Why neo4j, a Graph Database

Due to the nature of type systems, a graph database would be the best option for representation. From my research online, neo4j is a rather large solution, being called a 800lbs gorilla by an instructor at RIT, but it overs a lot of community support. This includes tools to assist with learning how to use the damn thing which is paramount considering graph databases are new to me.

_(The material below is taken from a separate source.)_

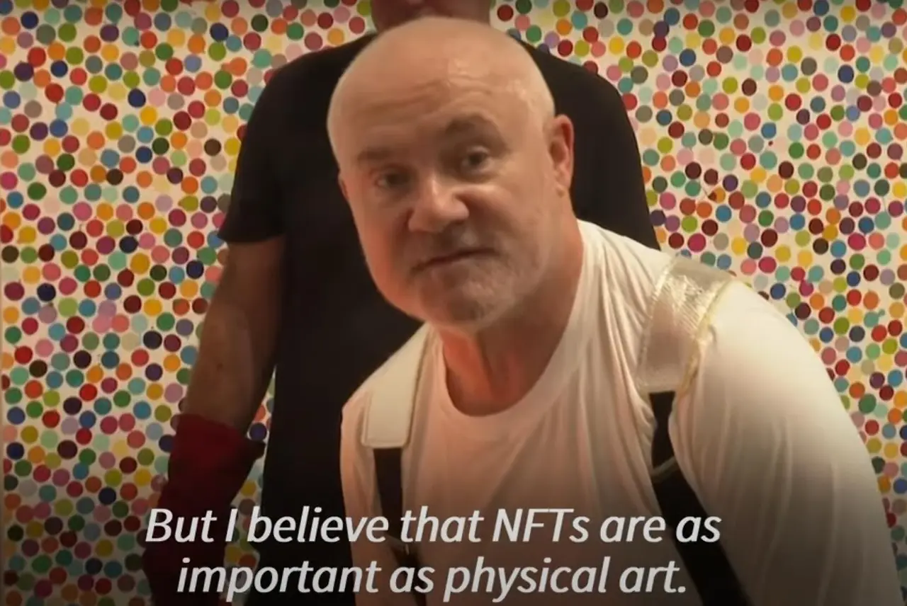 데미안 허스트(오른쪽)와 찰스 사치(왼쪽) | The guardian찰스 사치는 벤처 투자자(VC)의 역할을 했다고 볼 수 있습니다. 떡잎이 남다른 초기 예술가를 후원하고 작품을 수집한 후 세계 최대 광고회사(Saatchi & Saatchi)를 키워냈던 마케팅 역량으로 흥행에 불을 지피는 것입니다. 데미안은 사치의 든든한 후원으로 본격적으로 성공 가도를 달리는데 후원을 받는다는 것은 후원자에 대한 책임을 의미하기도 하므로 비즈니스에 신경을 쓸 수밖에 없었을 겁니다. 그런 데미안 허스트가 NFT에도 진출합니다.

What a Repository should Store

We are looking to record the following information:

  1. Repository
    1. The name of the repository
    2. The url of the repository (where it was cloned from)
    3. The associated commit hash
    4. Date & time this repository was added to our network
    5. The projects that belong to this repository
  2. Projects
    1. The repository this project came from
    2. Projects this project depends on
    3. The produced assembly from this project
  3. Assemblies
    1. Is this assembly produced by a local project
    2. The name of the assembly
    3. The version of the assembly
    4. The types within this assembly
    5. Assembly Dependencies
  4. Information about Types
    1. The assembly this type was defined in
    2. The name of this type
    3. Types this type depends on (needs further elaboration)
    4. The accessibility modifiers this type has (e.g, private, public, internal...)
  5. Information about Members
    1. The type this member is defined within
    2. The kind of member this member is (i.g, Event, Property, Field, Method)
    3. The accessibility modifiers this member has (e.g, private, public, internal...)
    4. The data type of this member

User Assemblies

We will be storing all information about a repository that could be used in either external or internal perspectives. This will prevent partial data as maybe not everything is present in the database to view the repository in an internal perspective. I could allow a repo to be uploaded with only the information needed for external perspective, but what if they want to change that later? Yes, the server could pull it back down using the saved url and commit hash to reprocess. Yes, another repository referencing this repository as a supporting repository would only have access to those public members, therefore, this reprocess could work. However, I am not interested in adding this extra complexity for seemingly little gain. All projects using this are open source, so all their information is visible anyway making this concept pointless.

Expanding on the partial data idea, this could make version tracking and any clever mechanics for duplication reduction much more difficult to implement/troubleshoot.

Supporting Assemblies

Supporting assemblies will have all information required for either external or internal perspectives saved.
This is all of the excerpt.